Additionally, in hearable applications (such as smart earbuds), when used with an in-ear bone-conduction (motion) sensor, VAD can specifically detect user’s voice activity, distinguishing it from other signals recorded by the motion sensor such as user's jaw movements (e.g. chewing), user walking, running or tapping the device.
In smart appliance applications, VAD can be used to enable always-on, always ready for voice commands standby mode with low power consumption, leading to reduced user energy costs over time.
In automotive applications, VAD can be used to wake up a car when voice is detected, allowing the system to proceed to biometric signal processing. Used this way, VAD allows for always-on operation while ensuring that power-heavy processing is only done when voice is detected.

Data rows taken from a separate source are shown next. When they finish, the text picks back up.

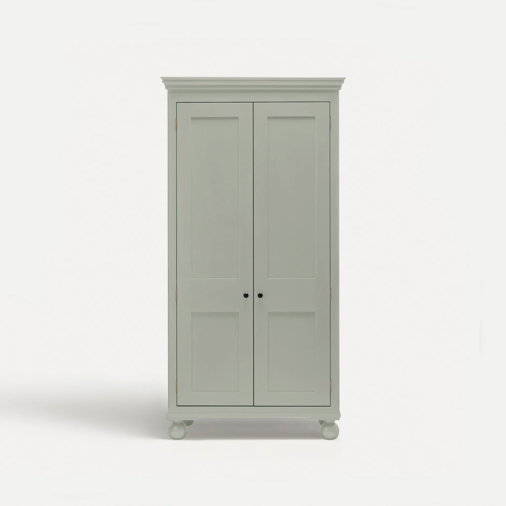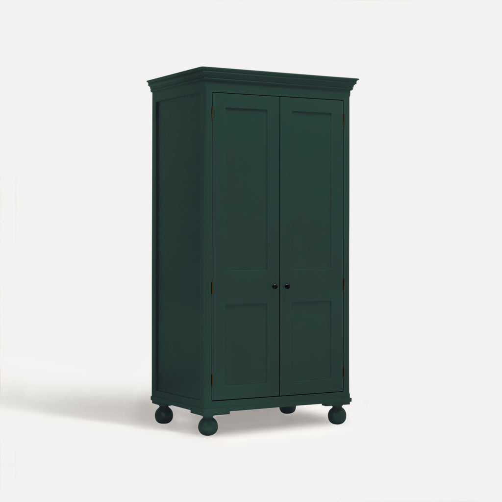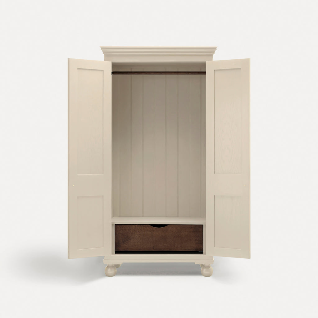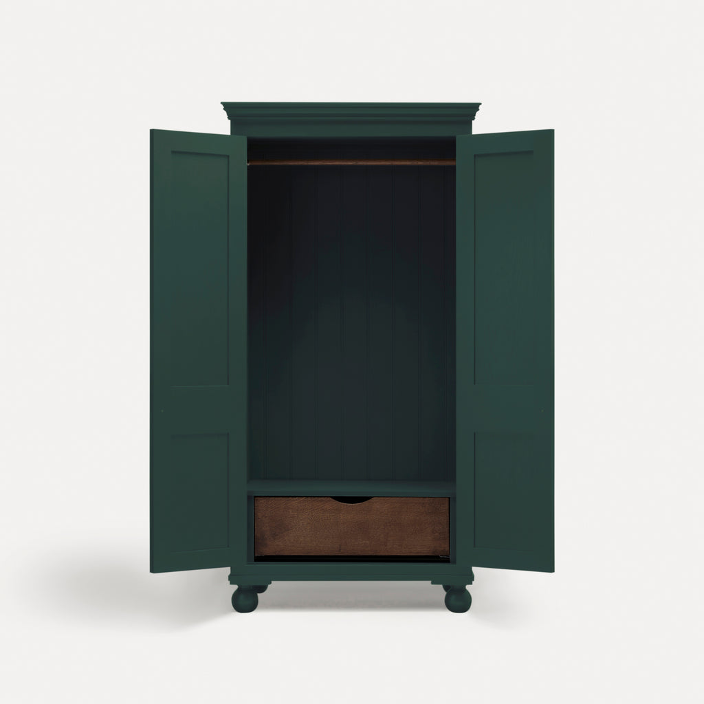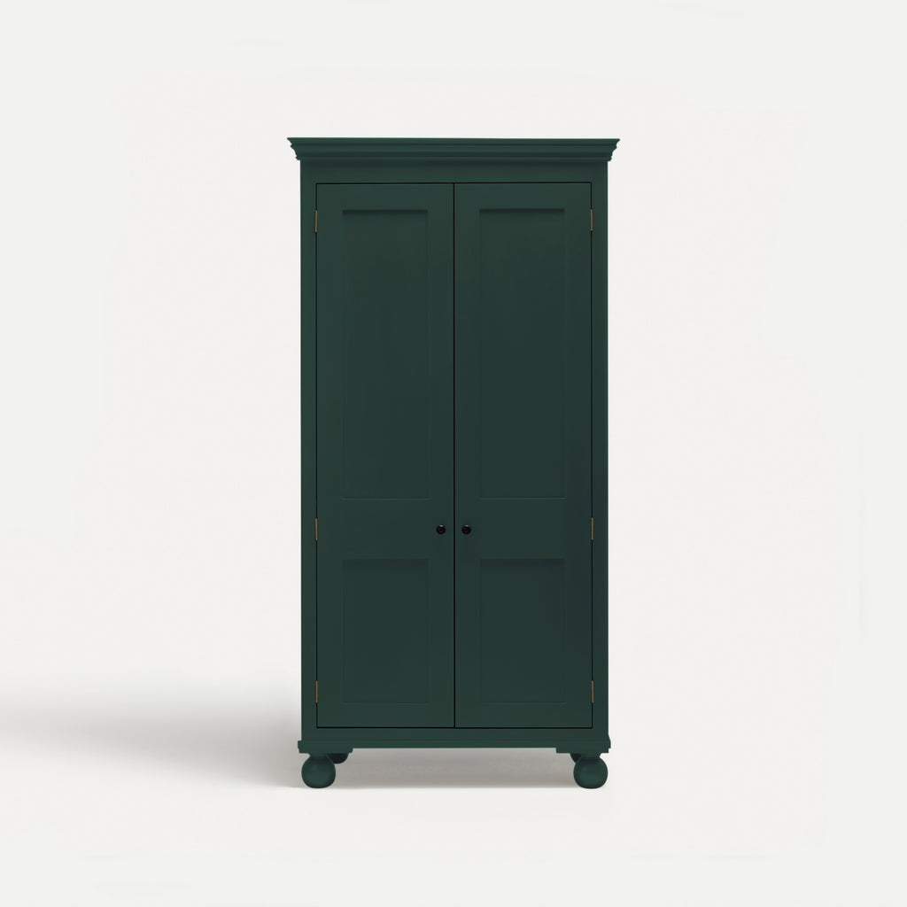 Materials and Finish: Solid hardwood frame and oak faced panels, dovetailed oak drawer box on soft-close runners, oak hanging rail, hand-turned feet and tongue and groove interior back detail. Hand-painted inside and out in intensely pigmented, low VOC, water-based paint with a low sheen. Doors hung on solid drawn brass hinges. Knobs are cast bronzed brass.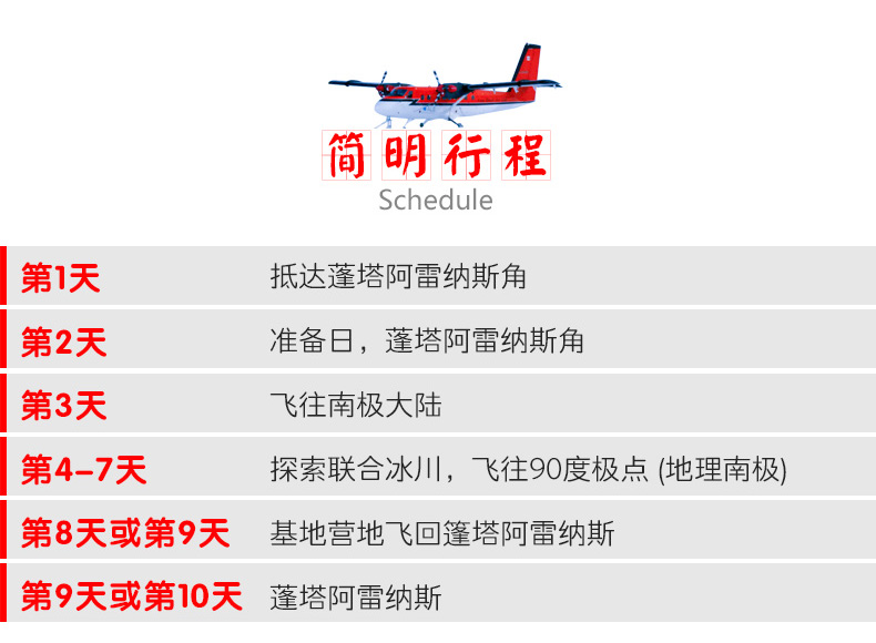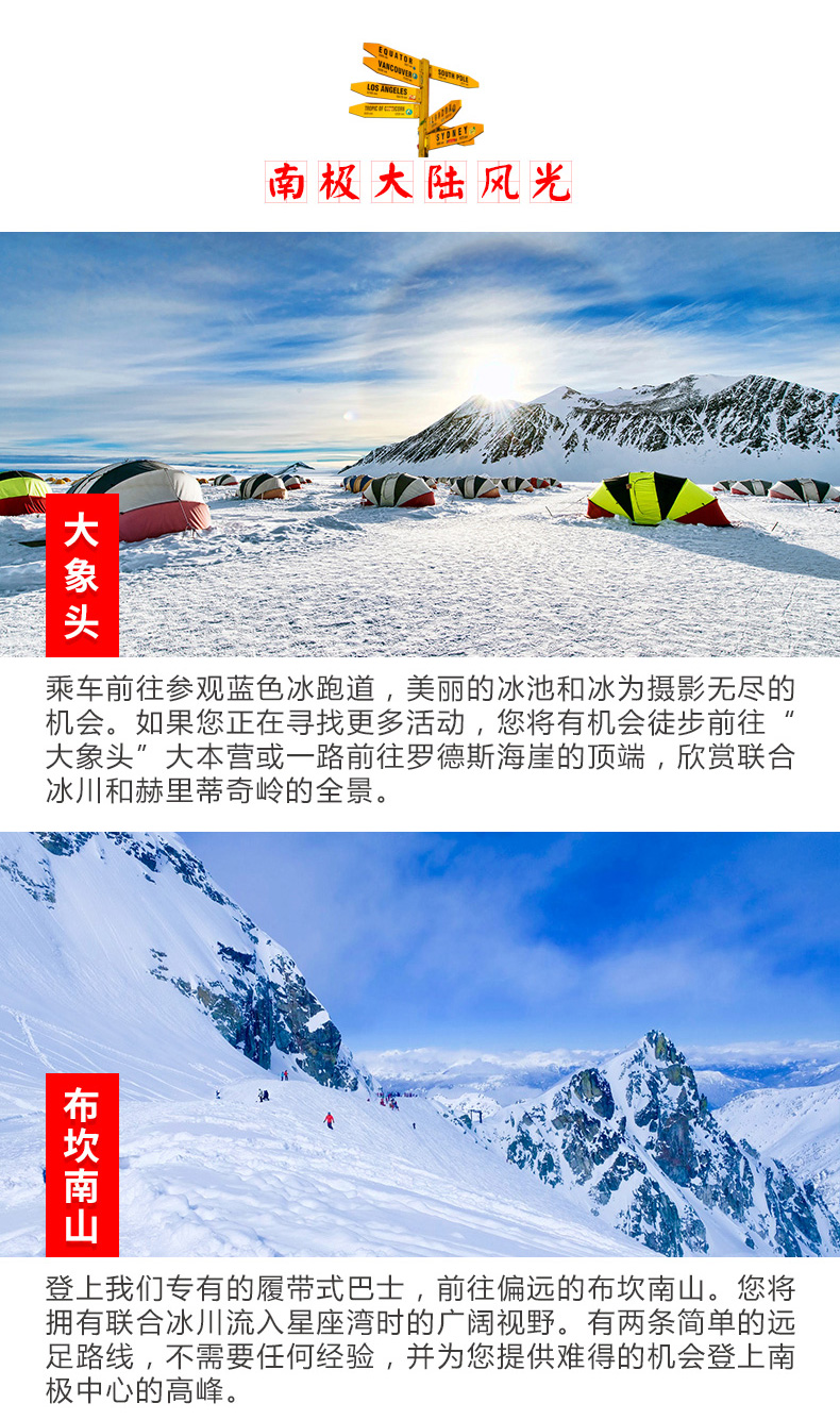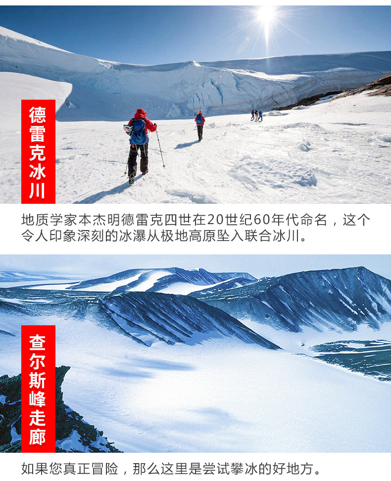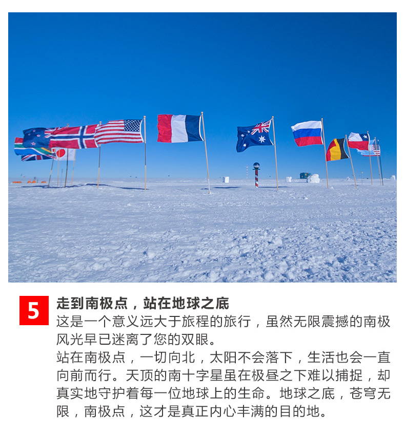 直抵地球之底的震撼体验/军民两用飞机全速直飞/在南极点和帝企鹅为伴/感慨南极大陆最神秘又温柔的一面/丰富多彩的极地活动/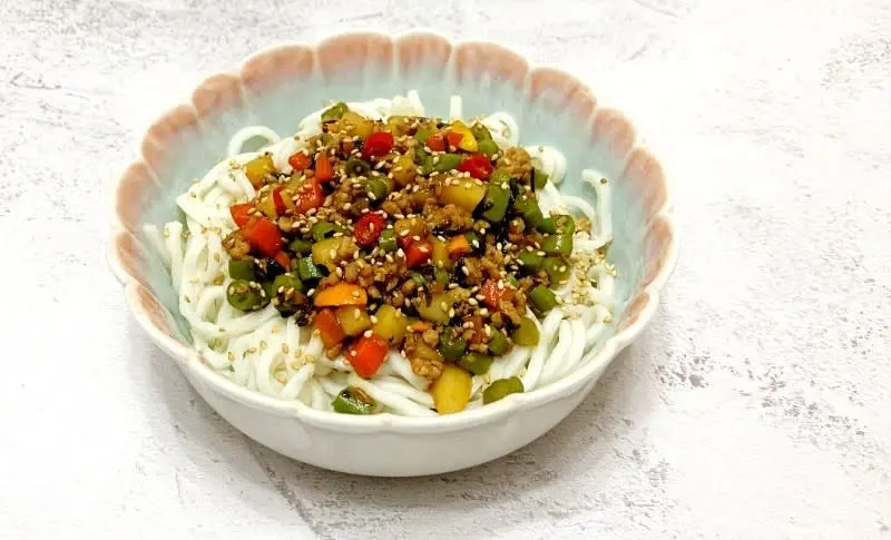 3. 煲滾水,上海麵烚約6分鐘或至喜歡的軟硬程度,上碗時連少許麵湯,把炒好的澆頭淋在麵上,撒芝麻。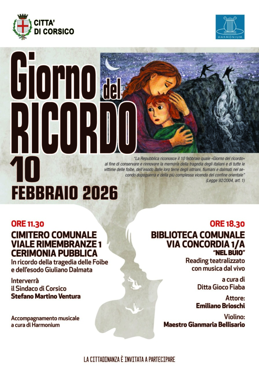 CORSICO – Anche a Corsico si terranno le celebrazioni del Giorno del Ricordo. Anche per i corsichesi l’appuntamento organizzato dall’Amministrazione comunale è per martedì 10 febbraio 2026, alle ore 11.30, presso il Cimitero comunale in viale Rimembranze 1 dove si terrà una cerimonia pubblica in ricordo della tragedia delle foibe e dell’esodo giuliano dalmata.

Although it can be used standalone, VAD can also be integrated with Alango Voice Enhancement Package (VEP) or Voice Communication Package (VCP) for a complete preprocessing solution.
Voice Activity Detector (VAD) Block Diagram
Performance
- Small footprint and low-MIPS implementation (ex. < 2 MCPS on ARM M4)
- All sampling rates are supported (ex. 32/24/16/8/4/2 kHz)
- Can be applied to acoustic microphone and low-bandwidth vibration sensor signals
- Flexibly configurable settings including sensitivity to harmonicity and SNR
- Low-latency reaction (typically < 50ms)
Availability
- ARM cores (all types)
- CEVA TeakLite-III, TeakLite-4
- Synopsys ARC cores
- Cadence (Tensilica) HiFi 2, HiFi 3
- Qualcomm 512X
- Porting on other platforms can be performed quickly.